Southwest Airlines settles boardroom feud with activist investor Elliott
Updates share price, analyst comments in paragraphs 3, 8-10
CEO Bob Jordan to retain job, Executive Chairman Gary Kelly will accelerate retirement
Southwest to add six directors to board
Southwest reports surprise profit for third quarter
By Rajesh Kumar Singh, Svea Herbst-Bayliss, Shivansh Tiwary
Oct 24 (Reuters) -Southwest Airlines LUV.N and its activist investor Elliott Investment Management ended a bitter months-long boardroom battle on Thursday in a deal that allows CEO Bob Jordan to retain his job by making bigger board-level concessions.
The agreement came as the U.S. carrier reported a surprise third-quarter profit, benefiting from improved pricing and demand, as well as rebookings from passengers stranded due to the global cyber outage in July.
Southwest's shares, however, were down 4.2% in midday trade as its revenue outlook for the fourth quarter disappointed.
As part of the deal, the Dallas-based airline will add five Elliott nominees to its board, making it the most seats the hedge fund has ever gotten in a settlement with a company in the United States. The airline previously offered to appoint up to three of Elliott's candidates.
Among other concessions, Executive Chairman Gary Kelly will accelerate his retirement to next month. Kelly previously had plans to retire in the spring after Southwest's annual meeting.
Elliott had been pushing for months to refresh the board and remove Kelly and Jordan, blaming them for the airline's poor performance. But Southwest held fast to its chief executive.
The fight between the carrier and the activist investor reached a new high last week when Elliott made good on a threat to take the battle to all shareholders by calling for a special meeting in December to let investors vote on board candidates.
"It's a very good outcome for Elliot," said Keith Gottfried, CEO of shareholder activism defense firm Gottfried Shareholder Advisory. "It reinforces their ability to get things done at large companies."
The agreement also saves Southwest from the distraction of a proxy fight, allowing it to focus on the initiatives Jordan outlined last month to turn the business around.

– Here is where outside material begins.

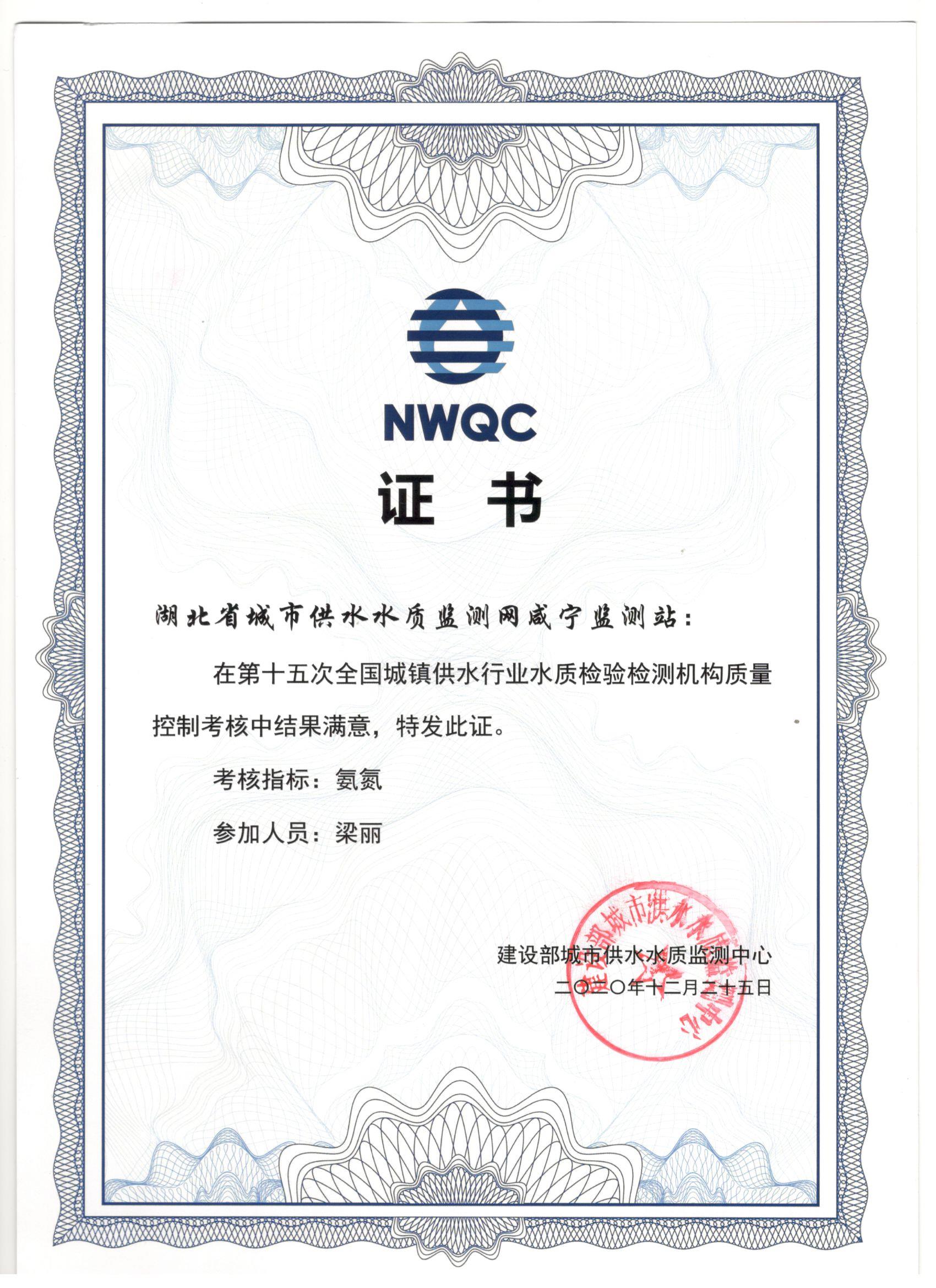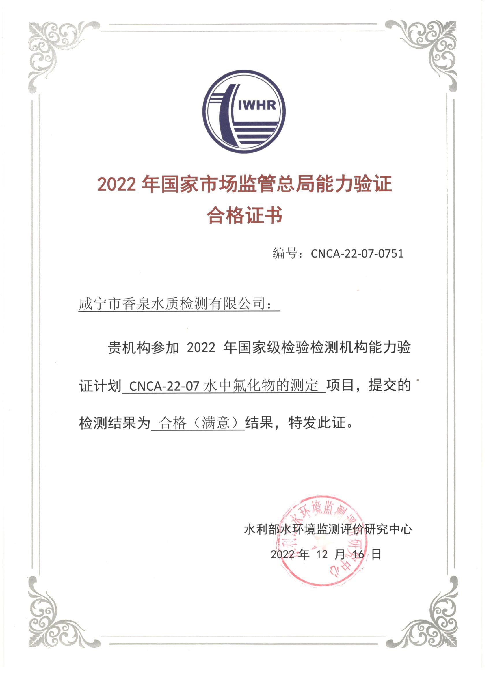近日,联合水务咸宁市香泉水质检测有限公司暨湖北省城市供水水质监测网咸宁监测站传来佳绩,其参与的国家住建部城市供水水质监测中心于2022年11月组织开展的《第16次全国城镇供排水行业检验检测机构质量控制考核》活动,全部取得“合格”结果。
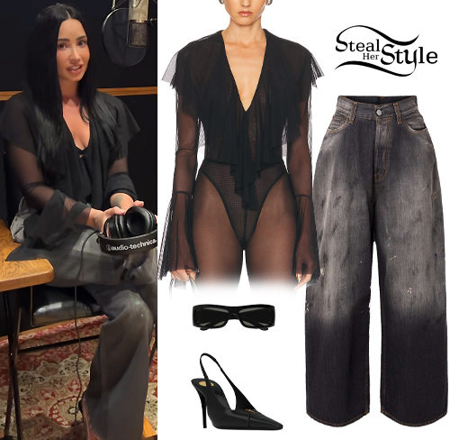 Demi Lovato appeared in a new AreYouOkay? video wearing Leather Cropped Bomber Jacket ($6,400.00) and Vendome Leather Slingback Pumps ($1,100.00) both Saint Laurent with EB Denim Low Rise Baggy Jeans ($295.00).

Gottfried said Jordan now faces the pressure to deliver on the turnaround strategy as the issue with Elliott remains "potentially unresolved, if not unresolved."
Southwest has struggled to find its footing after the pandemic, in part due to Boeing's BA.N aircraft delivery delays and industry-wide overcapacity in the domestic market.
The airline unveiled several initiatives last month to shore up sagging profits, including partnerships, vacation packages for customers and aircraft sale leasebacks. It will add seats with more leg room and drop its marquee open seating system in a bid to grow high-margin revenue.
Elliott nominees David Cush, who served as CEO of Virgin America, and Gregg Saretsky, former CEO of WestJet, as well as Sarah Feinberg, Dave Grissen and Patricia Watson will join the board. Pierre Breber, former CFO of Chevron, will also be appointed to the board.
The six newcomers will join next month. The board will have 13 members at its annual shareholder meeting next year.
Cush, Saretsky and three additional directors will also serve on a committee that will assist in the oversight of Southwest's operational and strategic plans.
Elliott said the strategic changes along with a revamped board and governance improvements will help in creating "long-term shareholder value."
Southwestreported an adjusted profit of 15 cents per share, compared with analysts' average estimate of break-even on a per-share basis, according to data compiled by LSEG.
It expects fourth-quarter revenue per available seat mile, a proxy for pricing power, to be up 3.5% to 5.5% on a projected capacity reduction of about 4%.